Exercise: Only the lines from the one with "The traffic flow" to the end of the data below should be given again, exactly, with both ends included and pictures omitted.

Records to use:
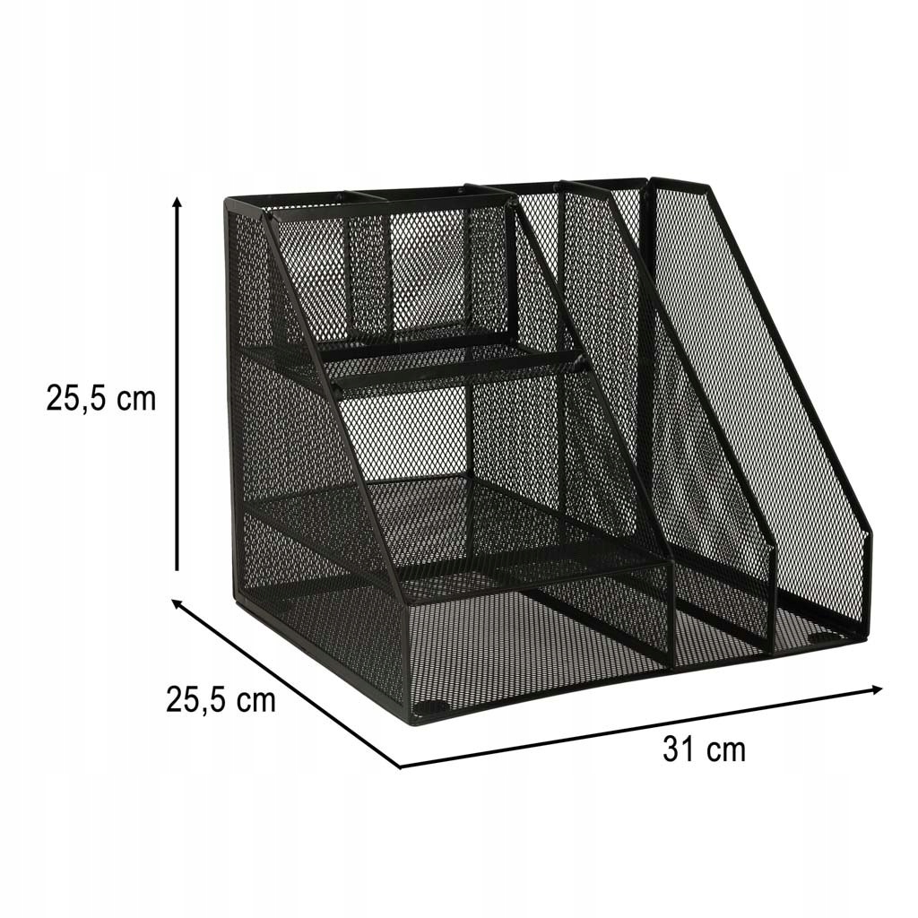 - metalowa siatka w czarnym kolorze sprawia, że organizer sprawdzi się zarówno w
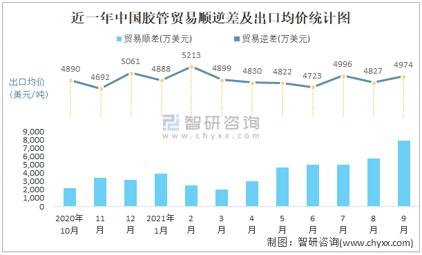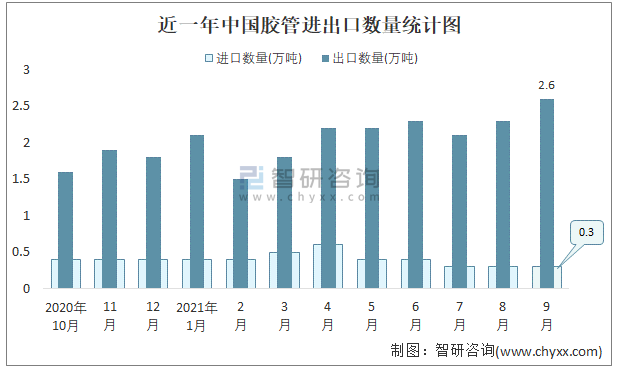 根據中國石油和化學工業聯合會數據顯示:2021年9月中國膠管進口數量為0.3萬噸,出口數量為2.6萬噸;進口金額為5023萬美元,出口金額為12933萬美元;近一年中國膠管出口總金額大于進口總金額,貿易順差為主,出口均價4974美元/噸。
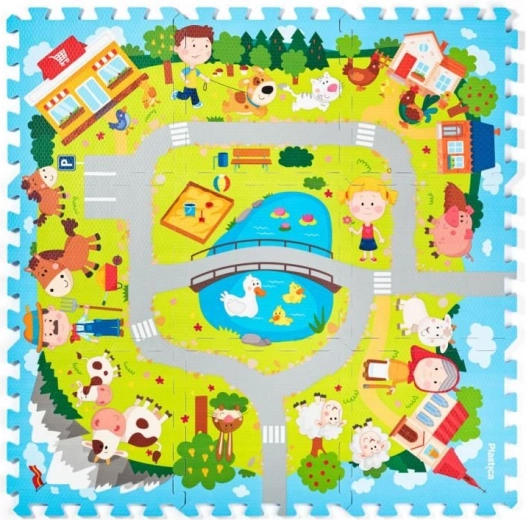 Vytvorte deťom pohodlné a bezpečné miesto na hranie s penovým puzzle Dedina od PLASTICA. Mäkký a umývateľný koberec skvele izoluje od chladu, tlmí hluk a je zdravotne nezávadný. Balenie obsahuje 9 štvorcových dielov s farebnou potlačou, ktoré po zložení vytvoria podložku cca 90 × 90 cm.
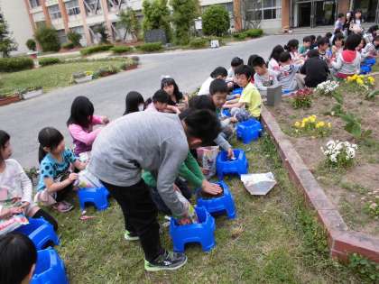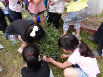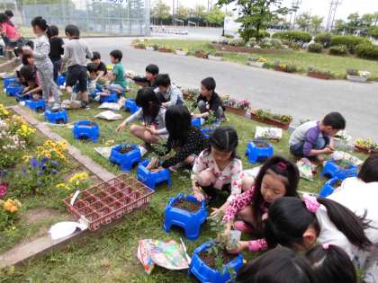 生活科の時間にミニトマトの苗を植えました。これから水やりなどの世話をしっかりして、おいしいミニトマトを育てていきます。
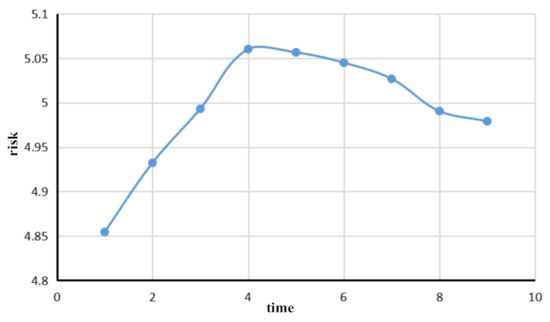 The traffic flow evaluation for a given port takes into account the whole port traffic flow and the risk in the water area that evolves over time. Based on the historical traffic flow data of a given port, a traffic flow simulation of a section of a given route can be carried out. The main statistics of the ship’s changing parameters encompass ship speed, the number of encounters between ships, and the number of encounters between ships in the given water area. Combined with the existing risk assessment of a single ship in a certain period, Formula (10) was used to consider whether the maximum risk of ships has a greater impact on the overall traffic flow risk, and the weights of parameters A and B, 0.4 and 0.6, respectively, were used to calculate the changes in the overall traffic flow risk. Taking each time point as a node, the overall traffic risk of the target water area was calculated, and the risk-time curve was drawn. The results are shown in Figure 6.
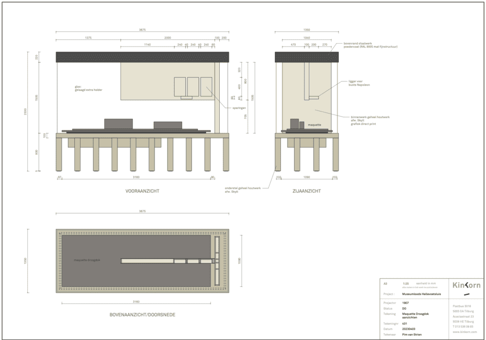 Na het vaststellen van het definitief ontwerp kan het ontwerpen in detail gaan beginnen. Stukje bij beetje worden allen onderdelen van de inrichting van de museumloods uitgetekend, uitgerekend en worden de materialen gekozen. Een zorgvuldig proces wat word begeleid door ontwerper Kinkorn en gerenommeerde interieurbouwer Kloosterboer.Tegelijkertijd gaat Kloosterboer de goedgekeurde onderdelen van de expositie in zijn werkplaats fabriceren. Het geheel van de expositie wordt dan in oktober en november in het Museum geplaatst en aangesloten op de elektriciteit.

Task output:
 The traffic flow evaluation for a given port takes into account the whole port traffic flow and the risk in the water area that evolves over time. Based on the historical traffic flow data of a given port, a traffic flow simulation of a section of a given route can be carried out. The main statistics of the ship’s changing parameters encompass ship speed, the number of encounters between ships, and the number of encounters between ships in the given water area. Combined with the existing risk assessment of a single ship in a certain period, Formula (10) was used to consider whether the maximum risk of ships has a greater impact on the overall traffic flow risk, and the weights of parameters A and B, 0.4 and 0.6, respectively, were used to calculate the changes in the overall traffic flow risk. Taking each time point as a node, the overall traffic risk of the target water area was calculated, and the risk-time curve was drawn. The results are shown in Figure 6.
 Na het vaststellen van het definitief ontwerp kan het ontwerpen in detail gaan beginnen. Stukje bij beetje worden allen onderdelen van de inrichting van de museumloods uitgetekend, uitgerekend en worden de materialen gekozen. Een zorgvuldig proces wat word begeleid door ontwerper Kinkorn en gerenommeerde interieurbouwer Kloosterboer.Tegelijkertijd gaat Kloosterboer de goedgekeurde onderdelen van de expositie in zijn werkplaats fabriceren. Het geheel van de expositie wordt dan in oktober en november in het Museum geplaatst en aangesloten op de elektriciteit.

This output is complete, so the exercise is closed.